BRIEF DESCRIPTION OF THE DRAWINGS
[0006] So that the recited features can be understood in detail, a
more particular description, briefly summarized above, can be had
by reference to one or more embodiments, some of which are
illustrated in the appended drawings. It is to be noted, however,
that the appended drawings illustrate only typical embodiments and
are therefore not to be considered limiting of its scope, for the
invention can admit to other equally effective embodiments.
[0007] FIG. 1 depicts an illustrative completion system, according
to one or more embodiments described.
[0008] FIG. 2 depicts an illustrative completion segment, according
to one or more embodiments described.
[0009] FIG. 3 depicts another illustrative completion segment with
a flow control valve in a closed configuration, according to one or
more embodiments described.
[0010] FIG. 4 depicts the completion segment of FIG. 3 with the
flow control valve in an open configuration, according to one or
more embodiments described.
[0011] FIG. 5 depicts an illustrative inflow control device in a
closed configuration, according to one or more embodiments
described.
[0012] FIG. 6 depicts the inflow control device of FIG. 5 in an
open configuration, according to one or more embodiments
described.
[0013] FIG. 7 depicts another embodiment of the inflow control
device, according to one or more embodiments described.
[0014] FIG. 8 depicts yet another embodiment of the inflow control
device with the inflow control device in a closed configuration,
according to one or more embodiments described.
[0015] FIG. 9 depicts the inflow control device of FIG. 8 in an
open configuration, according to one or more embodiments
described.
[0016] FIG. 10 depicts still another embodiment of the ICD,
according to one or more embodiments described.
DETAILED DESCRIPTION
[0017] FIG. 1 depicts a completion system 100 disposed in a
wellbore 102, according to one or more embodiments. The wellbore
102 can be deviated, as shown, having a substantially vertical
portion 104 and a substantially horizontal portion 106. Further,
the wellbore 102 can include a casing 108; however, in some
instances, the wellbore 102 or any portion(s) thereof can remain
uncased. The completion system 100 generally includes one or more
distal completion segments (two are shown: 110, 112) and at least
one proximal completion segment 114. Production tubing 116 can
extend in the wellbore 102 from the surface (not shown), down the
vertical portion 104, and through one or more production packers
118, which can be any suitable type of mechanical and/or swellable
packer disposed in the vertical portion 104. The production tubing
116 can be coupled to and/or extend at least partially through one
or more of the completion segments 110, 112, 114. The production
tubing 116 can be coupled to the proximal completion segment 114
and can be configured to be run into the wellbore 102 therewith.
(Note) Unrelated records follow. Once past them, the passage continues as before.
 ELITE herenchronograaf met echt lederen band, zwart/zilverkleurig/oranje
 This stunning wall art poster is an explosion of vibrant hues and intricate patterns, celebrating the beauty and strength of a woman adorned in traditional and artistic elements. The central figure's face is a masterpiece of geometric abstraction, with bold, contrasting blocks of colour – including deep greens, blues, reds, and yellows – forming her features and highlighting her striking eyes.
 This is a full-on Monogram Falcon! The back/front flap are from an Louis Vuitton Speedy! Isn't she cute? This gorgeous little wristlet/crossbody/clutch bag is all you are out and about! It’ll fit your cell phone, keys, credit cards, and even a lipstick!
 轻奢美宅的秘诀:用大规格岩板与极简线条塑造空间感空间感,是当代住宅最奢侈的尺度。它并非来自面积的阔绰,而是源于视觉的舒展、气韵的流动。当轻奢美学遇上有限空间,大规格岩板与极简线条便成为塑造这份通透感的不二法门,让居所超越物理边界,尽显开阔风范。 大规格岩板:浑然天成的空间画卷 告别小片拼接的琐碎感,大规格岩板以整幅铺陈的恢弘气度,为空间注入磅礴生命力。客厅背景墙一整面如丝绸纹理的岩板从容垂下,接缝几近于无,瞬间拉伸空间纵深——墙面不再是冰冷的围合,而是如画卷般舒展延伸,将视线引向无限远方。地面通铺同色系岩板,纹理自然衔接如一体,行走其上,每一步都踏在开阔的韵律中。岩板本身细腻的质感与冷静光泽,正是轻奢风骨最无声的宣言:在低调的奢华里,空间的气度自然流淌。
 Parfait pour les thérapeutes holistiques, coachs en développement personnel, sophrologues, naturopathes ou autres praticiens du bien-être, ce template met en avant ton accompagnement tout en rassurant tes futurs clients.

Each of the production tubing 116, the distal completion segments
110, 112, and the proximal completion segment 114 defines an inner
bore 111, 113, 115, 117, respectively. When the completion system
100 is fully-deployed, each inner bore 111, 113, 115, 117 can be in
fluid communication with one another, allowing for fluid flow to or
from the surface through the completion system 100.
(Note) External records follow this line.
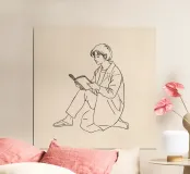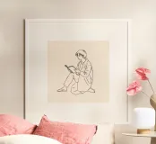 Persona che legge un libro seduta a terra in un ambiente informale poster con telaio in legno
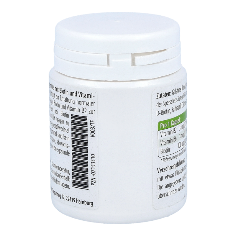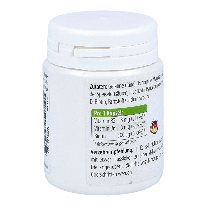 1 Kpasel täglich enthält: Biotin 300 myg, Vitamin B2 3 mg, Vitamin B6 3 mg.
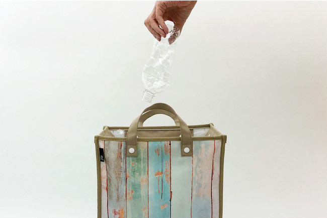 場所を問わずゴミ箱として使うことができるトート。市販のゴミ袋をセットして使えます。
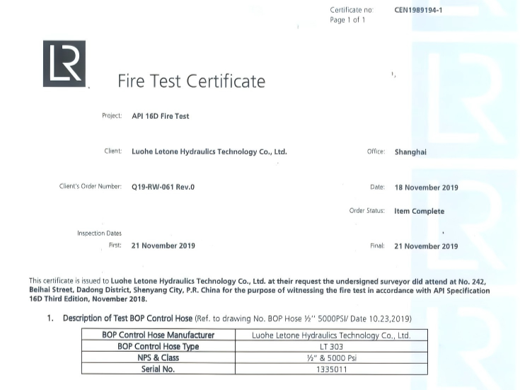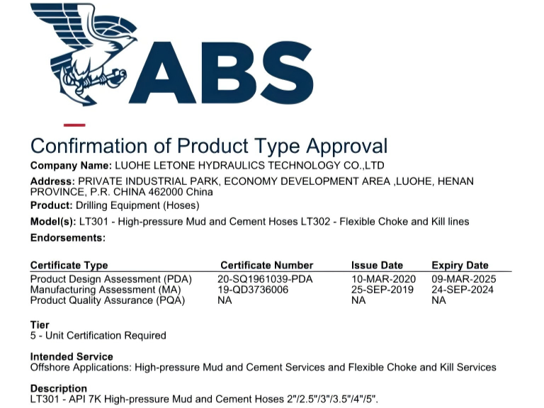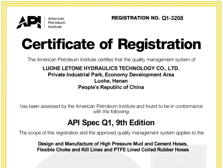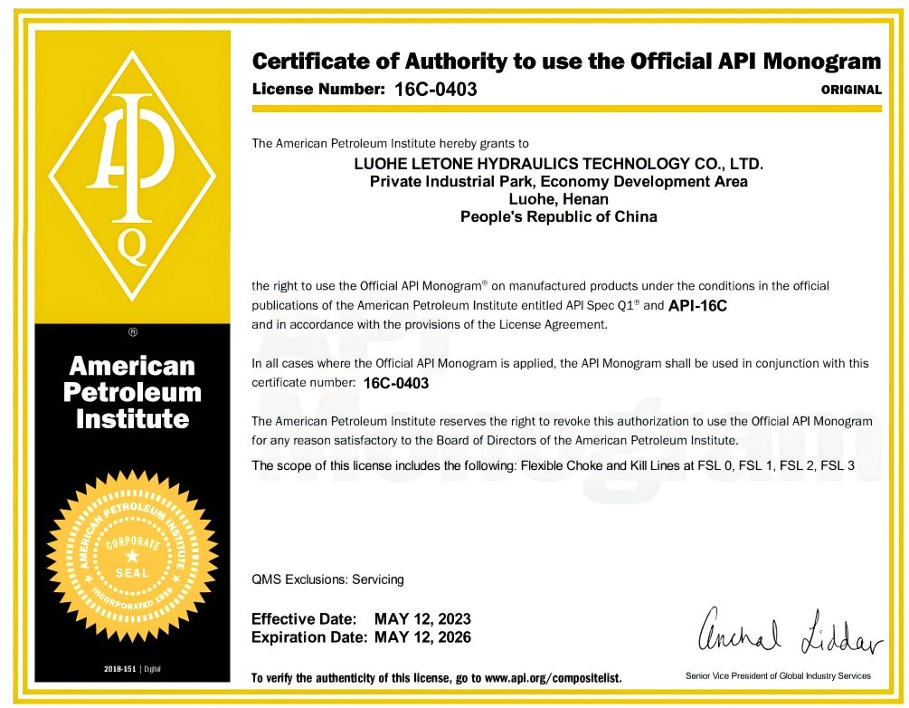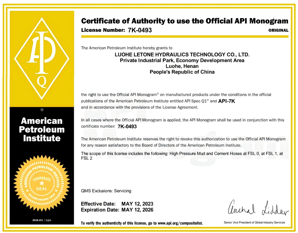 Technical Standards:API 17K certification is designed for deep-sea high-pressure environments, requiring hoses to have durability under extreme pressure (up to 600 MPa) and corrosive conditions. Letone Technology is the only company in China to hold triple certifications of API 7K, 16C, and 17K.
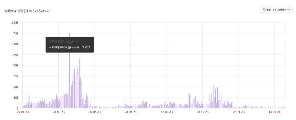 Как вы можете заметить, то с 29.01.23 Боты постепенно начали проявлять активность, и уже 04.04.23 эта активность достигла пикового значения в 1753 запроса с интервалом 12 запросов в секунду.

[0018] The distal completion segments 110, 112 can each include a
tubular body 103, 105, which defines the respective inner bore 113,
115 thereof. Further, the distal completion segments 110, 112 can
each include one or more flow control valves 128, 130, 132, 134,
which are configured to allow or prevent fluid flow out of the
inner bore 113, 115, depending on whether the flow control valves
128, 130, 132, 134 are open or closed. The flow control valves 128,
130, 132, 134 can be initially opened by dropping a ball, dart, or
other structure into the wellbore 102 and then subsequently closed
and/or opened by a shifting tool or other type of actuating device
conveyed on slick line, wireline, coiled tubing or pipe, as are
known in the art. Additionally, the flow control valves 128, 130,
132, 134 can be remotely-actuated via electrical signal, hydraulic
signal, fiber optic signals, wireless telemetry, combinations
thereof, or the like, or can be mechanically-actuated by a shifting
tool or actuating device conveyed on slick line, wireline, coiled
tubing or, pipe.
[0019] The distal completion segments 110, 112, can also include
one or more production inflow control devices ("ICDs") and one or
more injection ICDs (neither shown), coupled to the tubular bodies
103, 105. The ICDs can each include one or more check valves or
flow restrictors configured to allow fluid with a predetermined
pressure differential to proceed one way through the valve, while
substantially blocking fluid from reversing flow therethrough. The
flow control valves 128, 130, 132, 134 can control the introduction
of fluid to the ICDs, allowing for sequential treatment and/or
production of the wellbore 102 proximal each of the distal
completion segments 110, 112. Further, as both production and
injection ICDs can be included in a single distal completion
segment 110, 112, each such distal completion segment 110, 112 can
be used in injection, flow back, and production operations, without
requiring removal and reconfiguration of the distal completion
segments 110, 112. The distal completion segments 110, 112 can also
include a plurality of isolation packers 120, 122, 124, 126, with
the flow control valves 128, 130, 132, 134 being, for example,
disposed between axially-adjacent isolation packers 120, 122, 124,
126 as shown. It will be appreciated, however, that intervals
between axially-adjacent isolation packers 120, 122, 124, 126 can
include one, none, or multiple flow control valves 130, 132, 134,
138.
[0020] Each of the distal completion segments 110, 112 can also
include an axial coupling 136, 138, as shown, proximal an axial
extent of the respective distal completion segment 110, 112. It
will be appreciated that one or more of the distal completion
segments 110, 112 can include no axial couplings, while others can
include two axial couplings, as desired. The axial couplings 136,
138 can each be a threaded coupling, a sheer coupling, stab in
coupling with seal or without seal, or the like, and can be
configured to allow the distal completion segments 110, 112 to be
run into and positioned in the wellbore 102 and then coupled
together in sequence. After the proximal-most distal completion
segment (as shown, 112) is positioned and coupled to the remaining
distal completion segment(s) (as shown, 110), the coupling 138 of
the proximal-most distal completion segment 112 can be configured
to couple with the production tubing 116 and/or the proximal
completion segment 114 for further completion of the wellbore
102.
[0021] Considering the proximal completion segment 114 in more
detail, the proximal completion segment 114 can include a tubular
body 137 and one or more isolation packers (four are shown: 140,
142, 144, 146) extending between the body 137 and the casing 108.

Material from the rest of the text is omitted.